## DATASET EXCERPTS
--- START ---

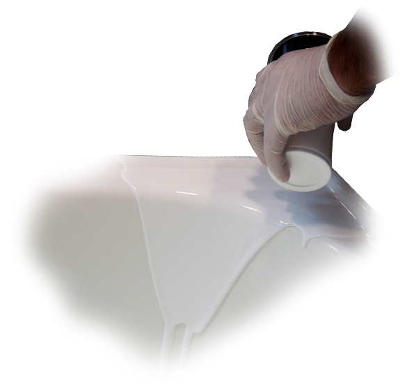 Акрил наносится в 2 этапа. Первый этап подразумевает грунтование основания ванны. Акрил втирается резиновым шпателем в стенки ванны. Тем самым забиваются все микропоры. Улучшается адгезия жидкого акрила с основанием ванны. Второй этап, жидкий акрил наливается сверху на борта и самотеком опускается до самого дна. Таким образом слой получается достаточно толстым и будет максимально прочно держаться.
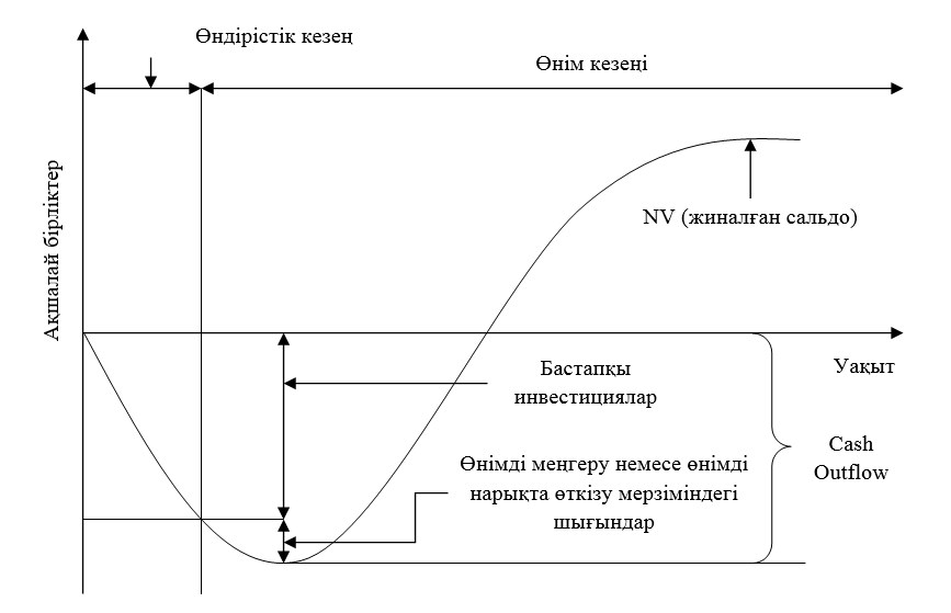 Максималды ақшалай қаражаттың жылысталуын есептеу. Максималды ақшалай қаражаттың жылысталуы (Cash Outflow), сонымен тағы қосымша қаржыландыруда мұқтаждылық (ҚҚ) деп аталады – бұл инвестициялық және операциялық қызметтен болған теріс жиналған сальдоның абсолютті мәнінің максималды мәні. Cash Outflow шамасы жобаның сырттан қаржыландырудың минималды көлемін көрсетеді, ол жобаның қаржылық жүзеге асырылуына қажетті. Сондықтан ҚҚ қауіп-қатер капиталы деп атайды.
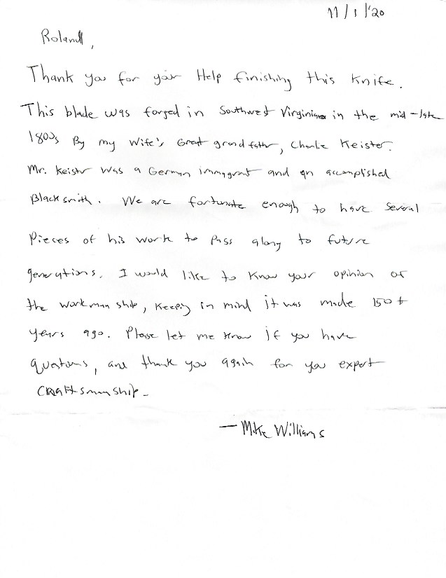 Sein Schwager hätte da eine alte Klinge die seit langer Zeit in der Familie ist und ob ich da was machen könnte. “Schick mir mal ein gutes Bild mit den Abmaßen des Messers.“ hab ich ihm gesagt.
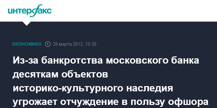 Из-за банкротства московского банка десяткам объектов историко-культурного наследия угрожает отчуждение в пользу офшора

--- END ---
--- START ---

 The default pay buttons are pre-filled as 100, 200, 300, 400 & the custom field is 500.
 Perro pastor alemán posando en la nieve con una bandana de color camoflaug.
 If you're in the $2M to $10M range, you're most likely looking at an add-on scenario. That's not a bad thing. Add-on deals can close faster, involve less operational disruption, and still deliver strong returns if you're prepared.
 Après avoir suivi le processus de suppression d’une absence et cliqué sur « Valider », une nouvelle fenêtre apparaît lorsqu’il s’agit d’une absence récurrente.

--- END ---

## WORK ORDER
Print only what lies in the material above starting at the line with "If you're in" and ending at the line with "Après avoir suivi", every line exactly as given.

## ANSWER SPACE
 If you're in the $2M to $10M range, you're most likely looking at an add-on scenario. That's not a bad thing. Add-on deals can close faster, involve less operational disruption, and still deliver strong returns if you're prepared.
 Après avoir suivi le processus de suppression d’une absence et cliqué sur « Valider », une nouvelle fenêtre apparaît lorsqu’il s’agit d’une absence récurrente.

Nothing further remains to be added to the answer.